Differences could be observed between pre- and post-surgical examinations using both methods. The LSC measurements in particular showed a downward trend for all patients. The same behavior could be observed in Pat1-2 for the influx rate parameter, but not in pat3 and 4. The dynamics and amount of Gadoxetate uptake was very much related the volume of resection. The difference in the dynamic behavior of the uptake is particularly interesting, for example the post-surgery data for pat1 peaks early and then hits low plateau which is very different from pre-surgery data at which a plateau was reached more slowly. This we interpret as a faster release reflected by the efflux (keff) which was magnitudes higher for pat1 post-surgery. Also, an additional observation was that the co-transporter bilirubin seems to be inversely correlated to hepatocyte Gadoxetate concentration. Gadoxetate and bilirubin uses the same hepatocyte transporter (OATP1) to which bilirubin has higher transport affinity. High bilirubin therefore contributes to the observed lower Gadoxetate concentration in patients, which underwent more severe resections, or that had a poor uptake at baseline.

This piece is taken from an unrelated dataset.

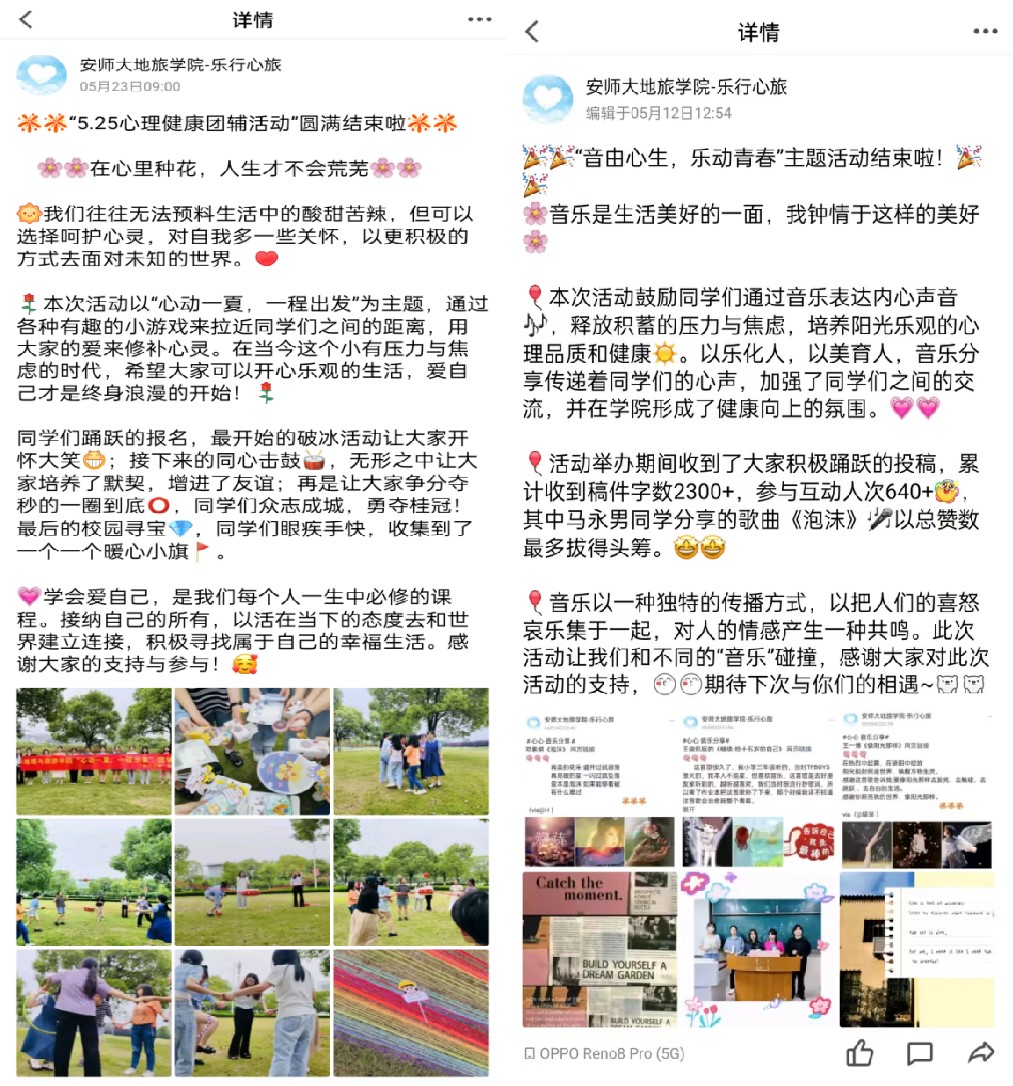 举办““心动一夏,一程出发”团辅活动、“辩由心声,熠熠人生”心理辩论赛、“音由心生,乐动青春”音乐分享活动、“心灵光影之旅”观影活动等。通过趣味运动会、才艺表演、趣味游戏等环节为同学们提供互相交流的平台,缓解学生日常的学业压力,营造良好的心理健康教育氛围。

In conclusion, we have observed dramatic differences between pre- and post surgery depending on the severity of disease as well as the extent of surgery. Moreover, to gain additional understanding of the differences in uptake dynamics between patients and segments, the model could be developed by adding additional effects on transport, such as bilirubin uptake via OATP1.

Acknowledgements

No acknowledgement found.

References

[1] Forsgren MF, Karlsson M, Dahlqvist Leinhard O, Dahlström N, Noren B, Romu T, Ignatova S, Ekstedt M, Kechagias S, Lundberg P, Cedersund G, Model-inferred mechanisms of liver function from magnetic resonance imaging data: Validation and variation across a clinically relevant cohort. PL oS Comp Biol, June 2019.